#### [What is needed]
Please return exactly the lines from the top of the data through the line that contains "Descarcati gratuit din", and skip all pictures.

Excerpts from a dataset
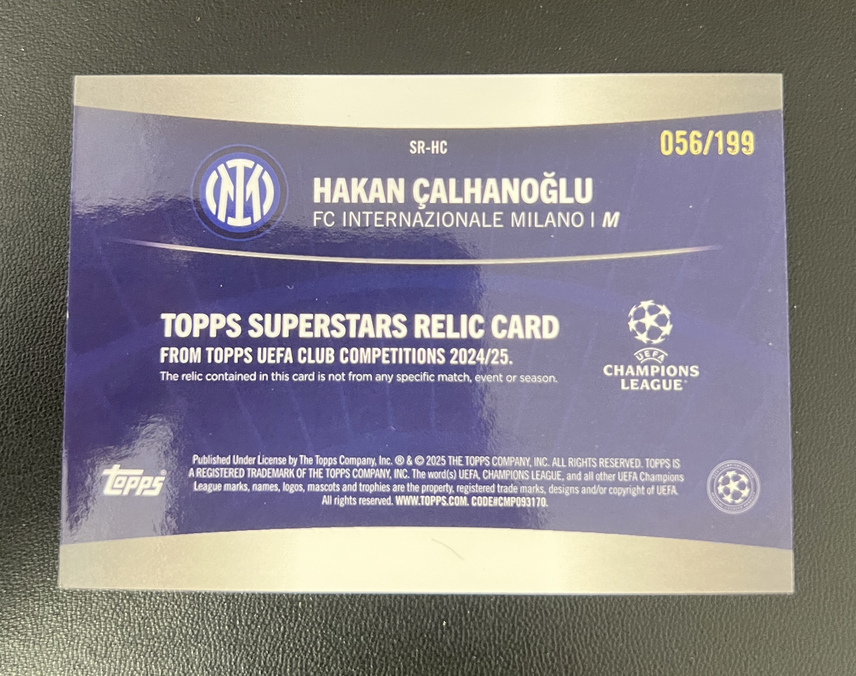 2025 Topps UCC Hakan Calhanoglu 恰尔汗奥卢 国米 绿折 199编 物料 收藏必备
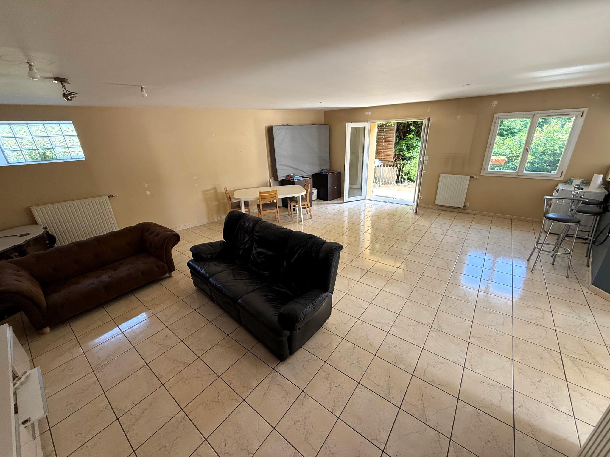 Au rez-de-chaussée, profitez d'une vaste pièce de vie de 59 m2 avec cuisine ouverte, donnant accés à une belle terrasse d'environ 37 m2 sans vis à vis et à un jardin privatif de 558 m2, parfait pour vos moments de détente en extérieur.
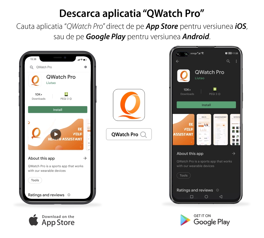 Descarcati gratuit din magazinul Play (Android) sau App Store (iOs Apple iPhone) aplicatia QWatch Pro pentru a beneficia de toate avantajele bratarii. Nu intotdeauna aplicatiile dedicate sunt si in limba Romana. De cele mai multe ori acestea vin cu limbi de circulatie internationala (exemplu: Engleza, Franceza, Spaniola, etc). Pentru a verifica daca aplicatia este in lb. Romana o puteti descarca si verificati daca exista varianta in lb. Romana.
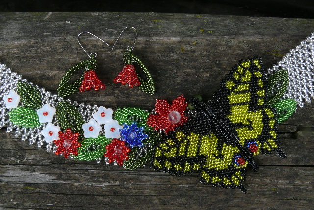 motýl je šitý peyotem.Fotku na krku bohužel nemám,pokusím se pořídit a v dohledné době přidat
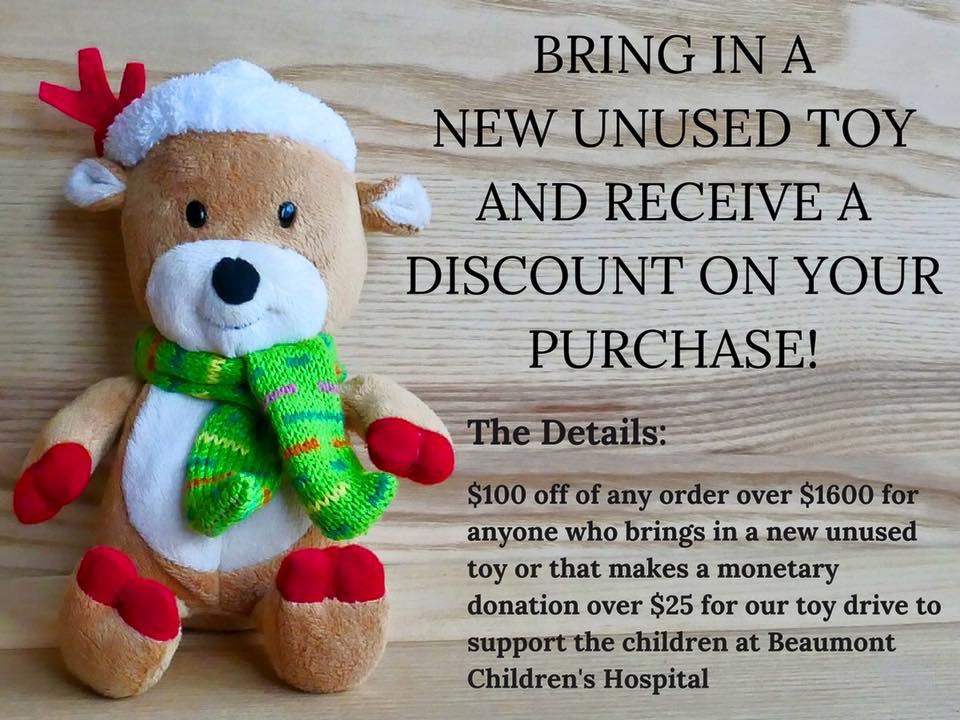 The store had flyers made, urging customers to bring new, unused toys in for donation and receive a discount on their purchase! The store generously offered to discount $100 off any order over $1600.
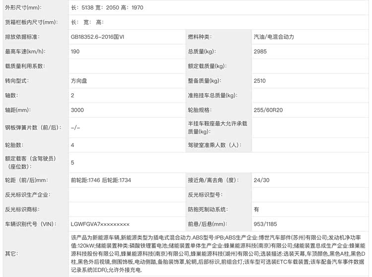 根据申报图显示,新车的长宽高分别为5138(5299)、2050、1970mm,轴距为3000mm,属于中大型SUV范畴;并且,新车支持多样化选择,例如可以选天幕、车顶颜色、前组合灯、外挂轮胎装饰罩和电动侧踏等,满足不同消费者的使用需求。

#### [Written solution]
 2025 Topps UCC Hakan Calhanoglu 恰尔汗奥卢 国米 绿折 199编 物料 收藏必备
 Au rez-de-chaussée, profitez d'une vaste pièce de vie de 59 m2 avec cuisine ouverte, donnant accés à une belle terrasse d'environ 37 m2 sans vis à vis et à un jardin privatif de 558 m2, parfait pour vos moments de détente en extérieur.
 Descarcati gratuit din magazinul Play (Android) sau App Store (iOs Apple iPhone) aplicatia QWatch Pro pentru a beneficia de toate avantajele bratarii. Nu intotdeauna aplicatiile dedicate sunt si in limba Romana. De cele mai multe ori acestea vin cu limbi de circulatie internationala (exemplu: Engleza, Franceza, Spaniola, etc). Pentru a verifica daca aplicatia este in lb. Romana o puteti descarca si verificati daca exista varianta in lb. Romana.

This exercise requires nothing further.